Central China's Henan Province is seeking to revive the once-popular traditional Chinese folk art form of woodcut painting, said sources at a provincial art show hosted by the Henan Museum.
The provincial government of Henan has called the local woodcut painting popular in Zhuxian Town, Kaifeng, as the top folk art form to be revived in recent years.
More than 1,000 traditional woodcuts made by artists from Zhuxian have been found by the local government, including six from the Ming Dynasty (1368-1644) and 23 from the Qing Dynasty (1644-1911).

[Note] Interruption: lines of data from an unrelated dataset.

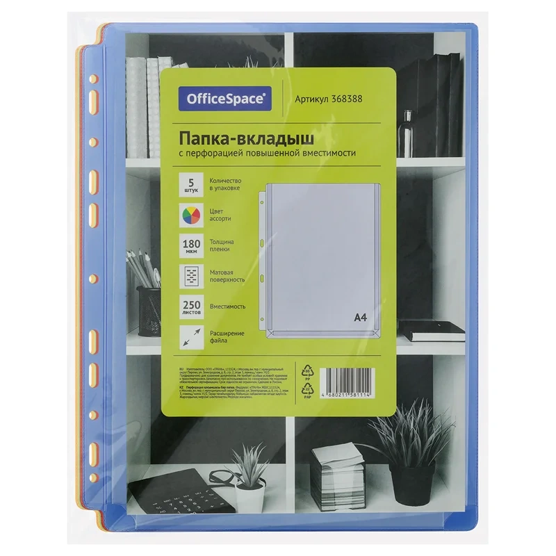 Папка-вкладыш с перфорацией OfficeSpace А4, ПВХ, 180мкм, расширяющаяся до 250л., цветная, ассорти, 5
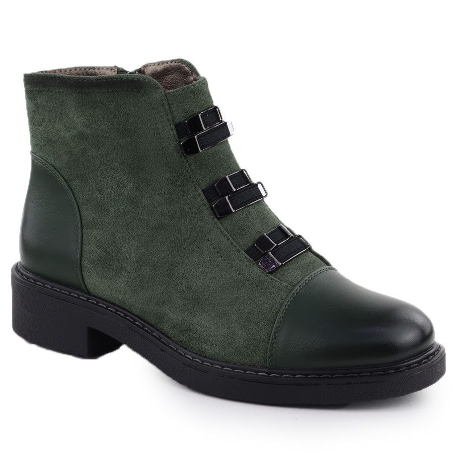 Botki damskie zamszowe ocieplane zielone M.Daszyński SA252-4
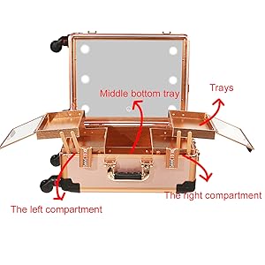 Jula VanceMedium Makeup Train Case with 3-Code Password Safe Lock & Full Screen Lighted Mirror & 3 Light Colors Travel Cosmetic Organizer Box, rose gold, Medium
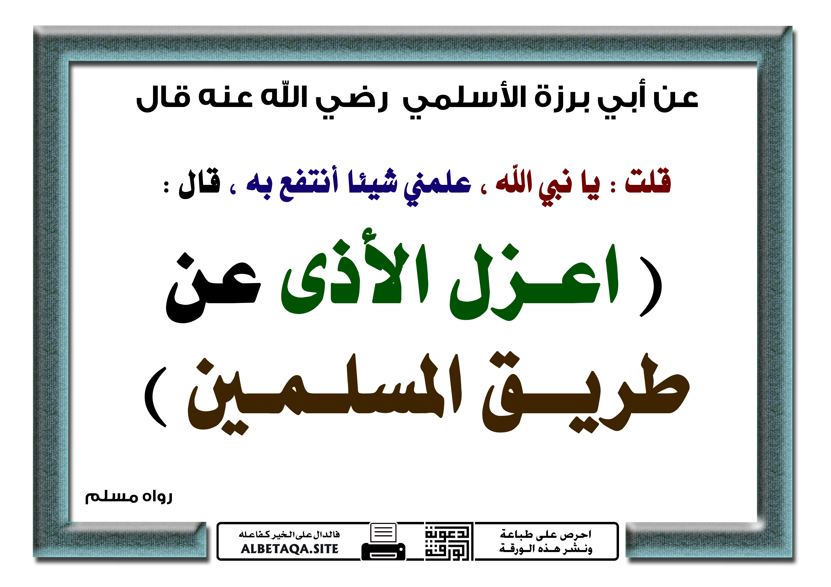 عن أبي برزة الأسلمي رضي الله عنه قال: قلت: يا نبي الله، علمني شيئا أنتفع به، قال: (اعزل الأذى عن طريق المسلمين). رواه مسلم
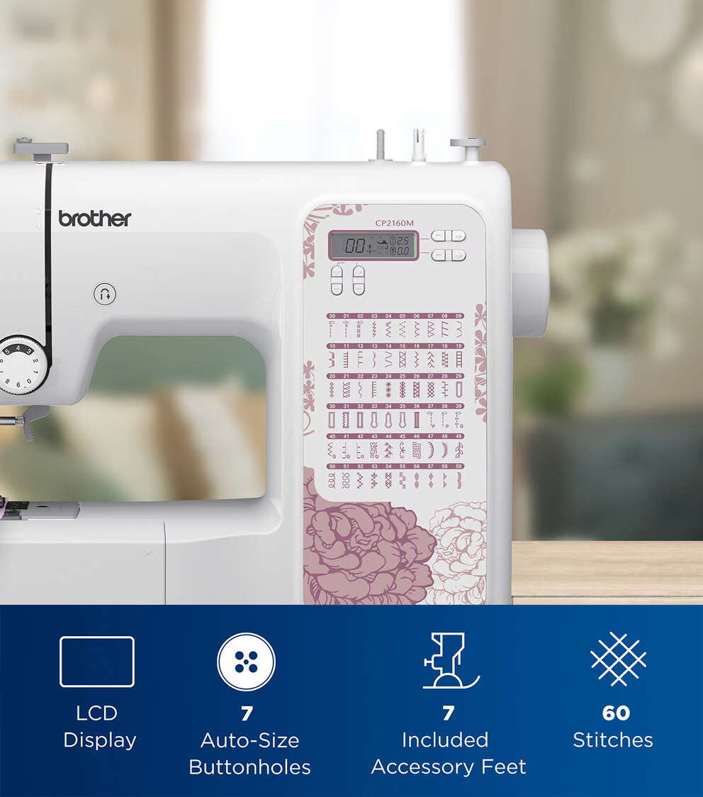 - 60 Unique Built-in Stitches: The Brother CP2160M sewing machine includes 60 built-in stitches, including utility, decorative, heirloom stitch functions, and seven auto-size buttonholes.
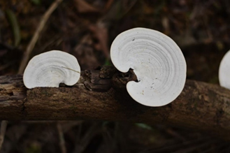 ชื่อสามัญ : เห็ดกาบหอยขาว ชื่อวิทยาศาสตร์ : Trametes elegans แหล่งที่อยู่ : พบได้ตามกิ่งไม้ที่ตายแล้ว สถานที่เก็บตัวอย่าง : ป่าอนุรักษ์พันธุกรรมพืช มหาวิทยาลัยราชภัฏรำไพพรรณี วันที่เก็บตัวอย่าง : 09/12/64 การเจริญเติบโต : แบบเดี่ยว และแบบกลุ่ม การใช้ประโยชน์ : เป็นผู้ย่อยสลายในระบบนิเวศ และไม่มีข้อมูลว่ารับประทานได้หรือไม่ พิกัด : เส้นทางเดินป่าบก (100 m) ฐานข้อมูลสารพันธุกรรม : https://www.ncbi.nlm.nih.gov/ Captive_Cultivated : ไม่อยู่ Accession number : รอการตีพิมพ์ ข้อมูลวงศ์เห็ด : Polyporaceae ลักษณะทั่วไป : ดอกเห็ดเป็นแบบรูปพัดหรือรูปไต มีความกว้าง 10-350 x 10-350 มิลลิเมตร ดอกเห็ดสีขาว เนื้อเหนียวหยาบ พื้นผิวด้านล่างเป็นรูกลม ก้านไม่มีหรือมีก้านสั้น ๆ บริเวณตรงที่ดอกเห็ดติดกับก้านนั้นจะมีส่วนเว้าเข้า บริเวณขอบของดอกเห็ดมีความเรียบเสมอกัน

The local government has outlined a series of measures to revive the art, which is expected to complete [doesn't make sense]by 2008. Among these measures, a Chinese Woodcut Painting Museum and a training base will be built in Zhuxian, and more local woodcut-related stories will be collected.

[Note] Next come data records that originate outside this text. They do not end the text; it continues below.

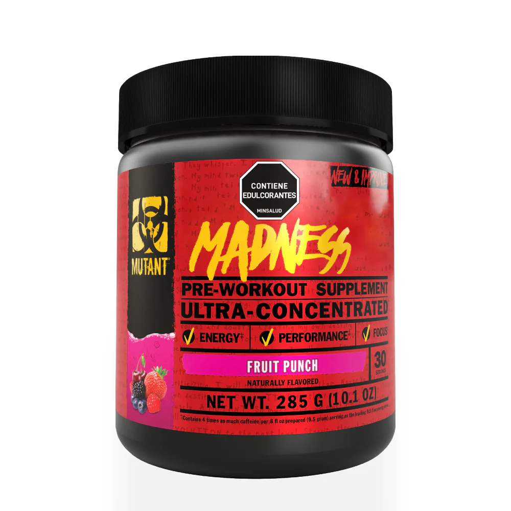 Mutant Madness de Mutant es un pre entreno ultra concentrado en polvo de última generación diseñado para mejorar la intensidad y el rendimiento durante el entrenamiento gracias a la combinación sinérgica de los mejores compuestos potenciadores del rendimiento con una mezcla estudiada de estimulantes del sistema nervioso central y amplificadores de la absorción.
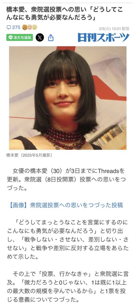 | 橋本愛、衆院選投票への思い「どうしてこんなにも勇気が必要なんだろう」(日刊スポーツ) - Yahoo!ニュース 橋本愛、衆院選投票への思い「どうしてこんなにも勇気が必要なんだろう」(日刊スポーツ) Yahoo!ニュース (出典:Yahoo!ニュース) |
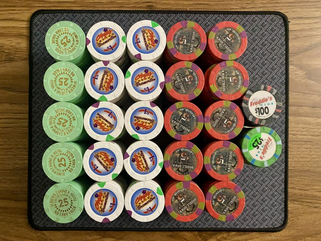 I totally recognize some of those chips… I play my Jumers hot stamps with the rest of my Freddie’s. I have three other barrels of Paulsons to round out the rack. Looking for a barrel of THC $20’s (just missed those Presidents).

The Chinese custom of sticking up pictures to celebrate the lunar New Year -- now called the Spring Festival -- was recorded in historical works of the Song Dynasty (960-1279). Woodcut printing is one popular method in China to make the New Year's pictures.
With a history of over 800 years, Zhuxian woodcut painting is as famous as the Yangliuqing woodblock painting in north China's Tianjin, the Taohuawu New Year's pictures in east China's Suzhou and the woodcut painting in China's kite capital, Weifang.
Since the 1980s, however, the diminishing woodcut paintings can only be found in the homes of researchers or collectors or in remote villages, with fewer and fewer artists left in the workshops.